God is Everything or He is nothing
I have found that when the big I AM comes back, I can no longer carry the message effectively or practice these principles in all my affairs. My selfish-self-centeredness comes back, and I try to protect myself by becoming dishonest and not accepting the truth of what is going on in a situation. If I do that long enough and don’t share with my sponsors and other alcoholics in the program, I begin to not know the “truth from the false” again.
While carrying the message is most satisfying and joyful if people “get it”, it is the most heart-breaking when someone you care about can’t stay sober. In my case, the person I cared about deeply picked up again and died. I once believed that if “they want it, nothing will stop them and if they don’t want it, nothing will help them.” I have seen the suffering of those who loved Alcoholics Anonymous but, for whatever reason, have not be able to stay sober and have paid the ultimate price.

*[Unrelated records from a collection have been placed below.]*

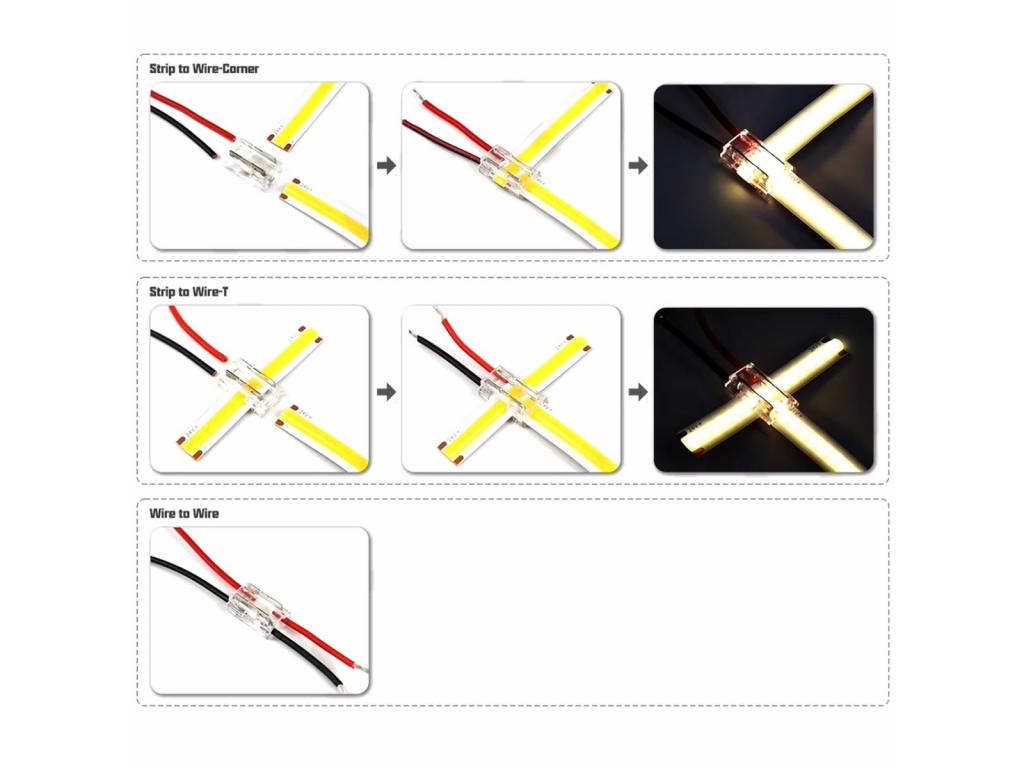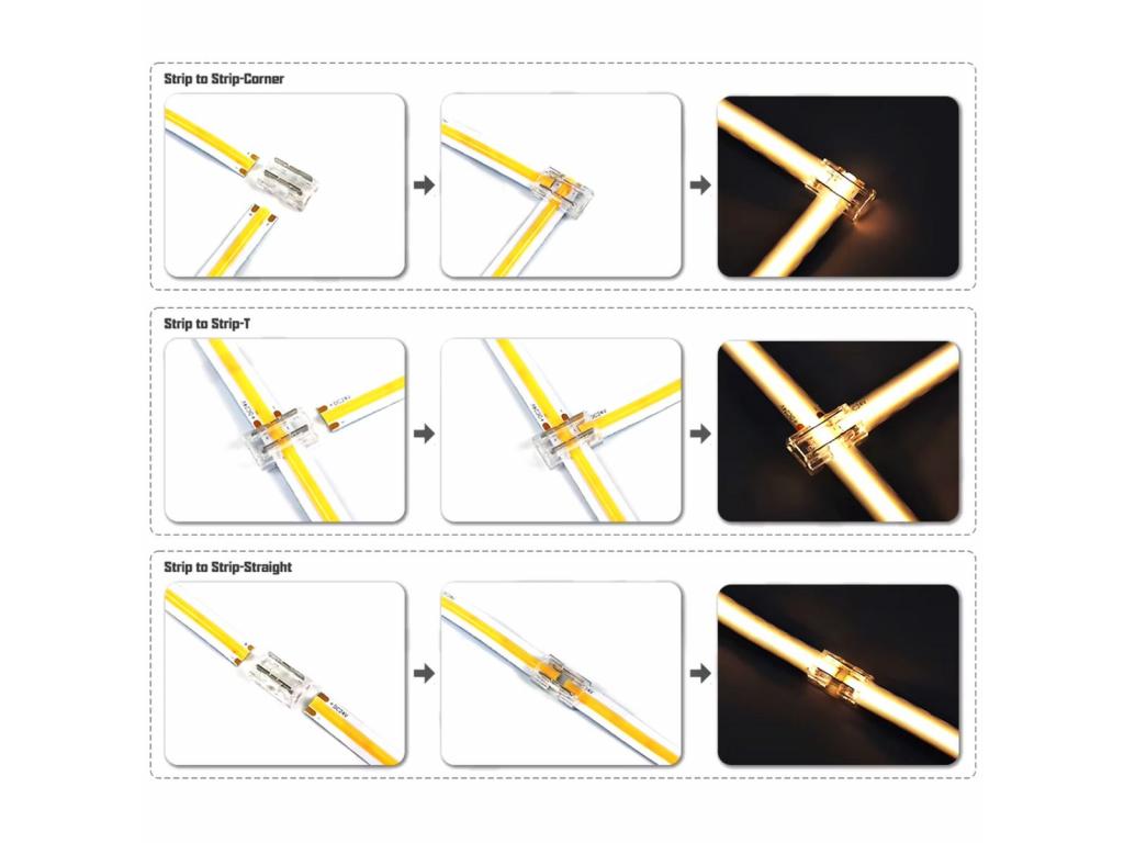 Ez a csatlakozó ideális választás DIY LED világítási projektekhez, konyhapult alatti világításhoz, dekorációs fényekhez és egyéb világítási megoldásokhoz. Egyszerű használatával és sokoldalúságával megkönnyíti a LED szalagok telepítését és karbantartását.
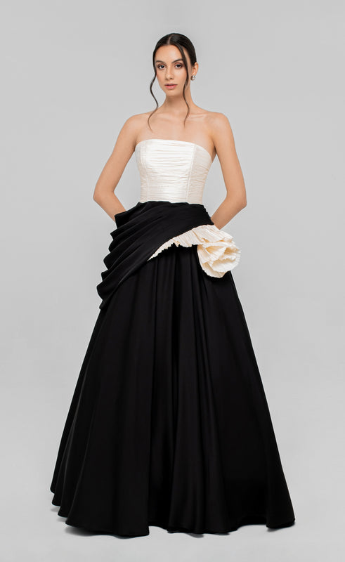 مصنوع من ساتان لامع وشبك مطرّز بخفة، بتصميم مكشوف الأكتاف يمنحك أناقة تنساب دون أي مجهود. ويتحرك القماش خلفك بانسياب مع كل خطوة ليخلق إحساسًا حلميًا يعكس رُقيًّا خالصًا.
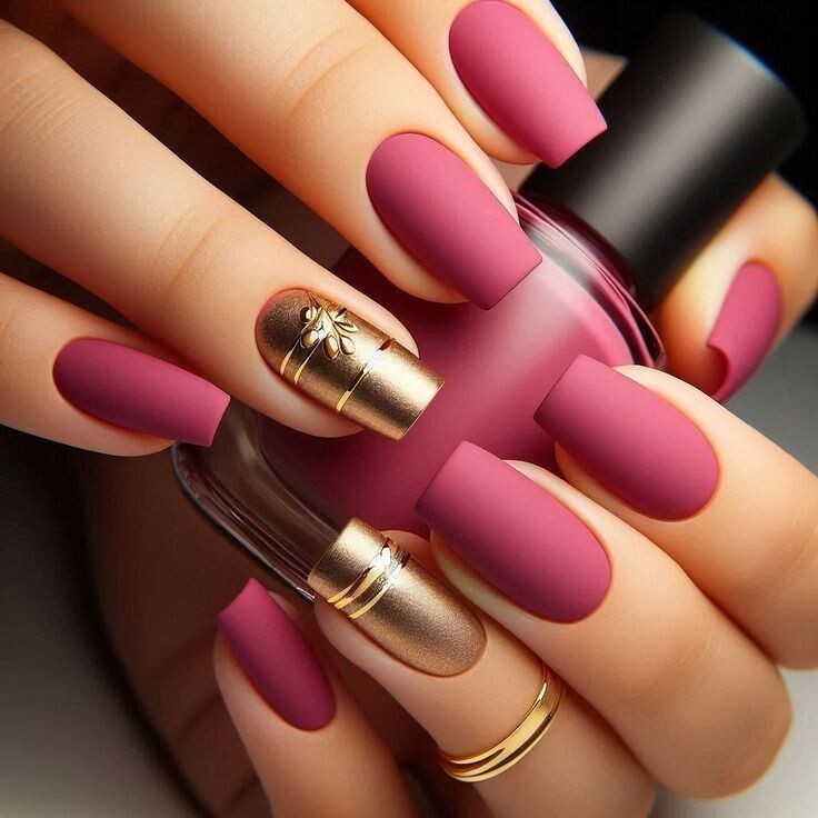 Базовий рожевий колір у поєднанні з вишуканими золотими лініями чи гілочками створює ефект спокійної розкоші. Такий дизайн гармонійно поєднує стриманість і елегантність.
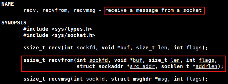 第一个参数就是套接字;第二个参数是接收数据的缓冲区;第三个参数是这个缓冲区的大小;第四个参数是阻塞IO或者非阻塞IO,阻塞式IO就是没有收到数据的时候进程会一直等,就等同于scanf,这里设置成0,表示默认非阻塞;第四个参数用于存储发送数据的对端的ip和端口号(即记录寄件人地址);第四个参数是src_addr的实际大小。
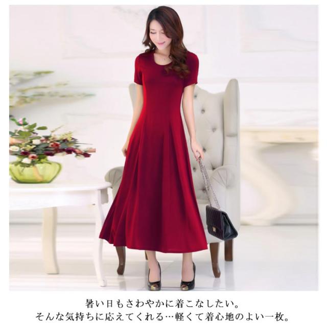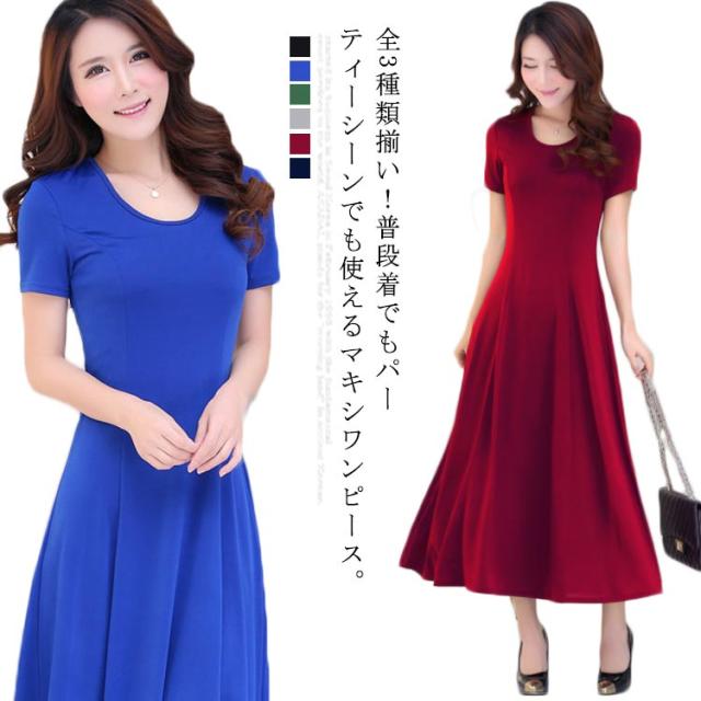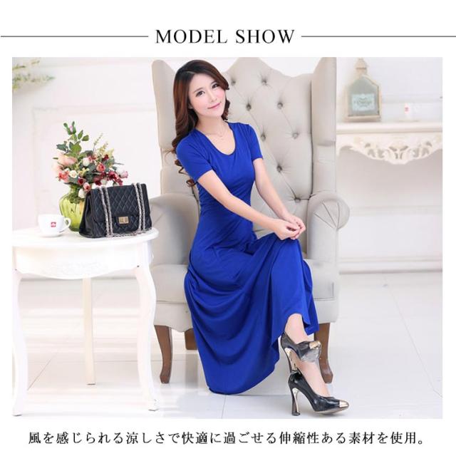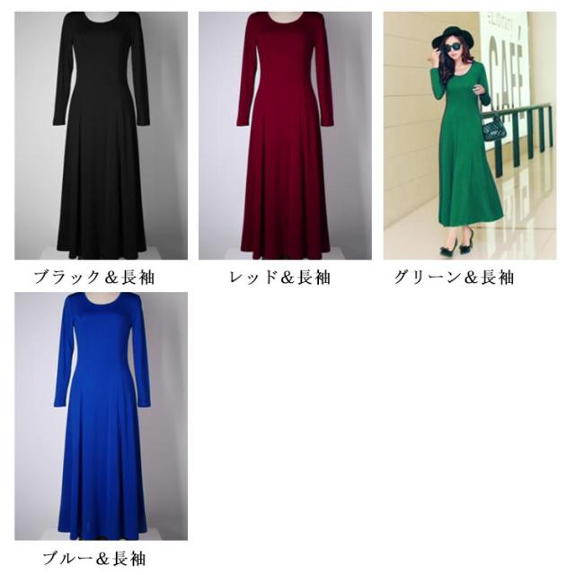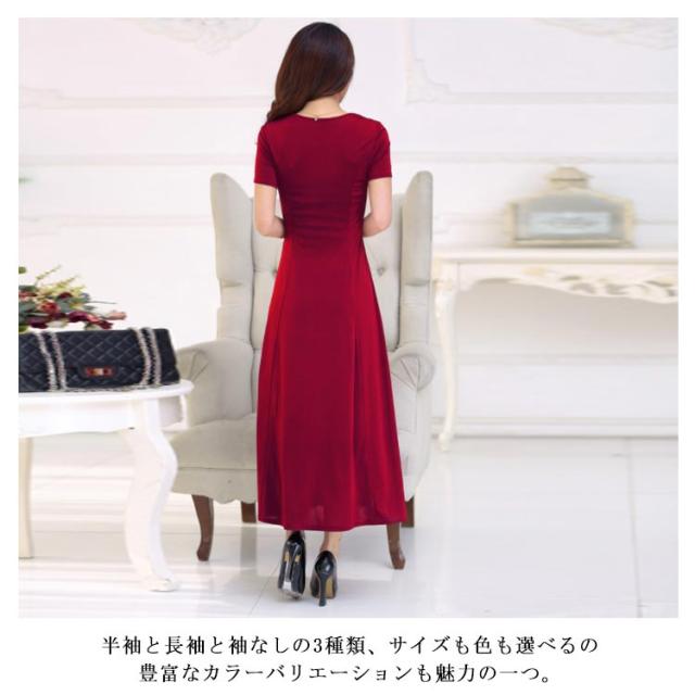 [長袖/半袖/袖なし XS−3XLサイズ]ワンピース マキシワンピース マキシ丈ワンピース Uネック ロングワンピース パーティードレス マキシ丈 ロング丈 ハイウエスト フレア Aライン 伸縮性
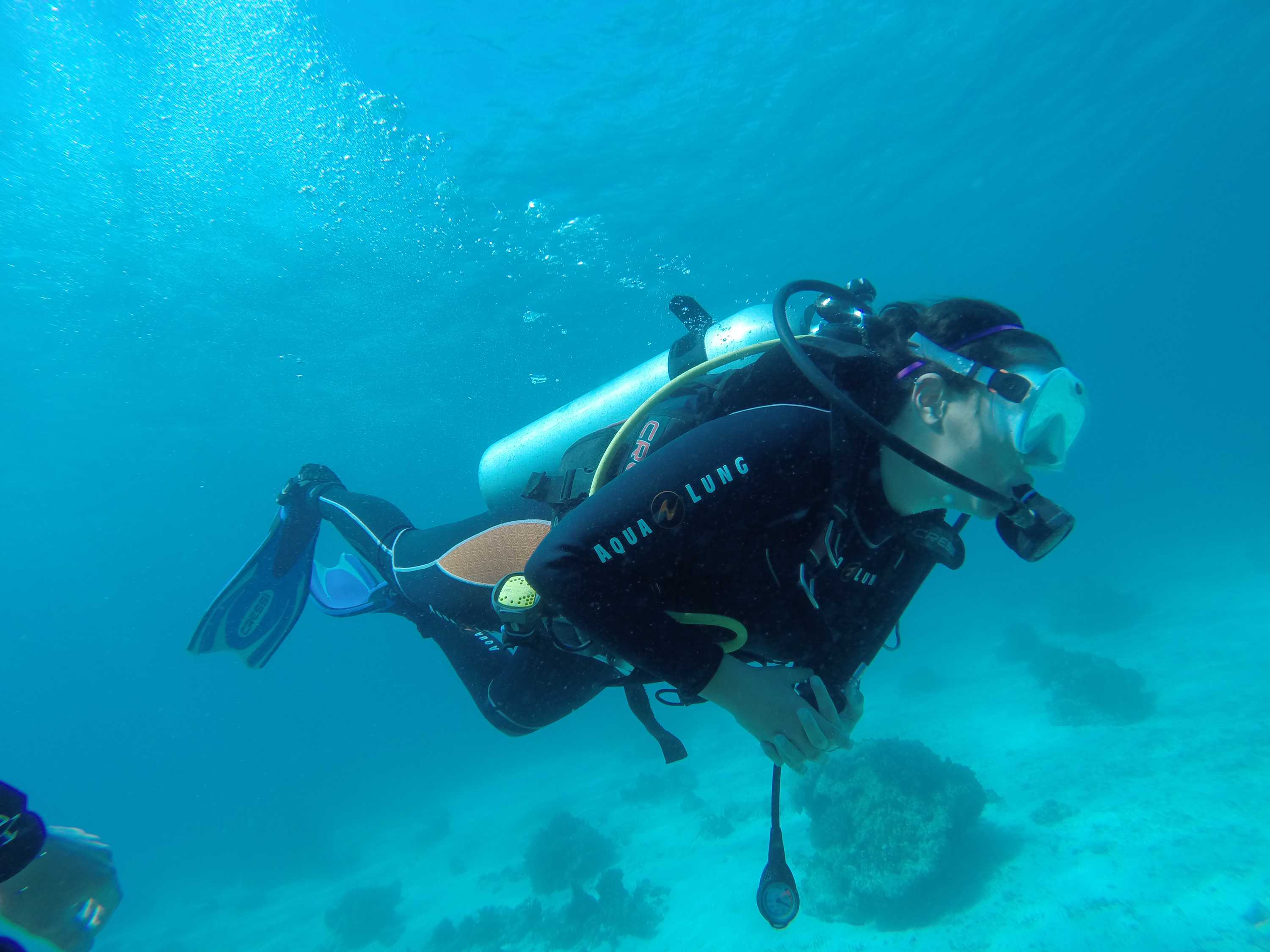 After the boring theory stuff (kidding… it was actually pretty interesting), we finally got in the water. Down we go!

This is where I have to ask myself what does it really mean to have a spiritual awakening and lead a sober and principles life? Page 77 of the Big Book tells me “our real purpose is to fit ourselves to be of maximum service to God and the people about us.” In order to be of maximum service, I always have to make my God bigger, and myself smaller. “We had to fearlessly face the proposition that either God is everything or else He is nothing. God either is, or He isn’t. What was our choice to be?” The Twelfth Step gives me the choice to answer that question with, “He is.”